There’s no easy way to say that. 

But while certain parents made them feel uncomfortable on campus solely because of the color of their skin, one person went out of their way to make sure that didn’t happen and went above and beyond her job description as an office clerk to stifle it whenever it cropped up.

Much decried, demonized and denounced staffer Debie McLarty. 

“When this happened I thought, Debie? No – this is not right,” Antoinette Carraway said to the Manteca Unified School Board Thursday night in a show of support to the woman that has become like family over the years. “She is not a racist. People there at that school are not right, but she is not one of them. Debie brings in all of her own band-aids to wrap up kids when they get a cut and I went down there to bring her some from my house and if she’s a racist, then she’s there wrapping black kids band-aids up too. 

“You don’t have to believe me, but it’s true. There are some people at that school that wouldn’t even speak to you. But not Debie. She hugs my kids.”

Their experience is a stark contrast to the picture that was painted by – well, the pictures – that were disseminated to the news media, the public and the rest of the school board that showed children around confederate flags and less-than-flattering portrayals of President Barack Obama on McLarty’s Facebook feed.

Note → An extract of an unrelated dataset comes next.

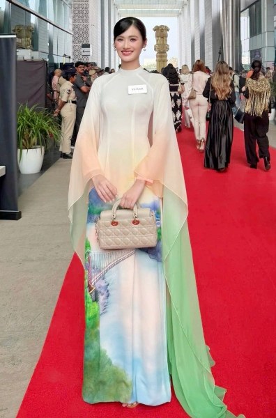 Ý Nhi diện áo dài lên thảm đỏ sự kiện thuộc khuôn khổ Miss World 2025

According to dialogue from Thursday’s board meeting, the photos were discovered after McLarty posted to trustee Ashley Drain’s “very public” Facebook page. 

No explanation as to why trustee Sam Fant contacted media outlets regarding the matter – including the Bulletin – prior to the board meeting in which the pictures were distributed was offered. And while Fant chose to verbally spar with the attorney who prepared the independent report commissioned by the district regarding the matter – put into motion after McLarty filed a complaint – Drain elected to point comments directly at McLarty while the rest of the board mulled over disciplinary action for Fant. 

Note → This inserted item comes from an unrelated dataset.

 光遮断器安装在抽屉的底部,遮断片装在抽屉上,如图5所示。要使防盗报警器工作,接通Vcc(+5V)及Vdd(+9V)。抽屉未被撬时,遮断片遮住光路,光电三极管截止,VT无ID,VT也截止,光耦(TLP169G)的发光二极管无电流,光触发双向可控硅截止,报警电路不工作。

“They’re racist. They are. They are,” said Drain – who noted that her past experience at Fisk University in Nashville had given her a unique perspective on racism in America, and items like photos didn’t stack up in her book to the hooded Klansmen that she saw that actually threw things at people. 

Drain’s “very public” Facebook page has since been taken offline.

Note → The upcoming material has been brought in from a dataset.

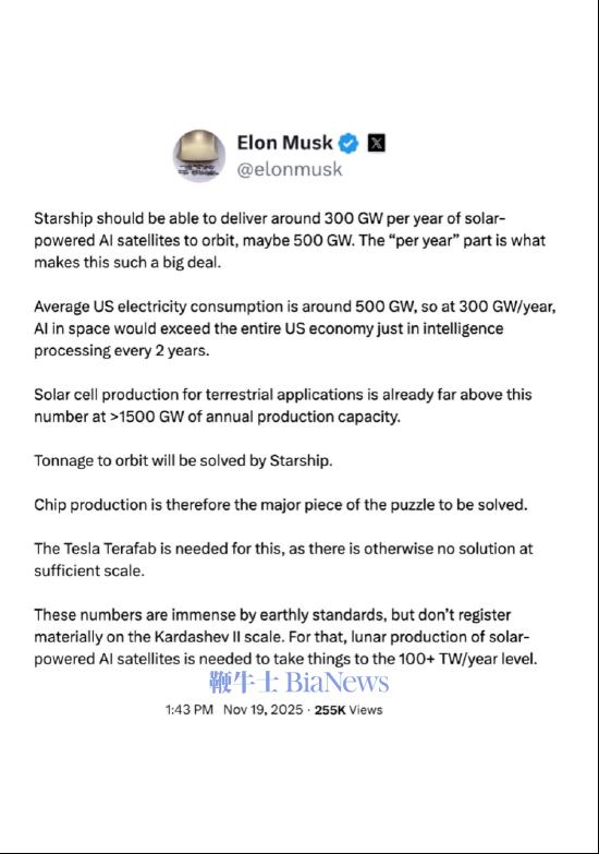 在美国沙特投资论坛之后的第二天,马斯克再次强调,这些AI卫星每年能产生100吉瓦的太阳能——相当于美国年平均用电量的四分之一。“我们已经把计划完全排出来了,会非常疯狂。”

McLarty, who had no idea that the photos were going to be made public – let alone splashed on television cameras – and announced after the fact that the pictures with the confederate flags were actually of her grabndosn’s “Dukes of Hazzard”-themed birthday party and the photo of Obama that was misrepresented as having him with a bullet in his forehead was actually one of a fly that had landed at an inopportune moment at the White House that was widely published and posted on the Internet.. 

The backlash from she contends was a gross mischaracterization prompted online petitions calling for her firing – at least one of which is still active – and forced her to at least temporarily suspend her Facebook page. 

The Stockton activist that brought the photos to the attention of the district – Ralph Lee White – was interviewed by the same news crew that interviewed Fant while the meeting was still ongoing. He was not part of the executive summary of investigation into the matter regarding the happenings at the meeting, and has not been back to a Manteca Unified School District board meeting since.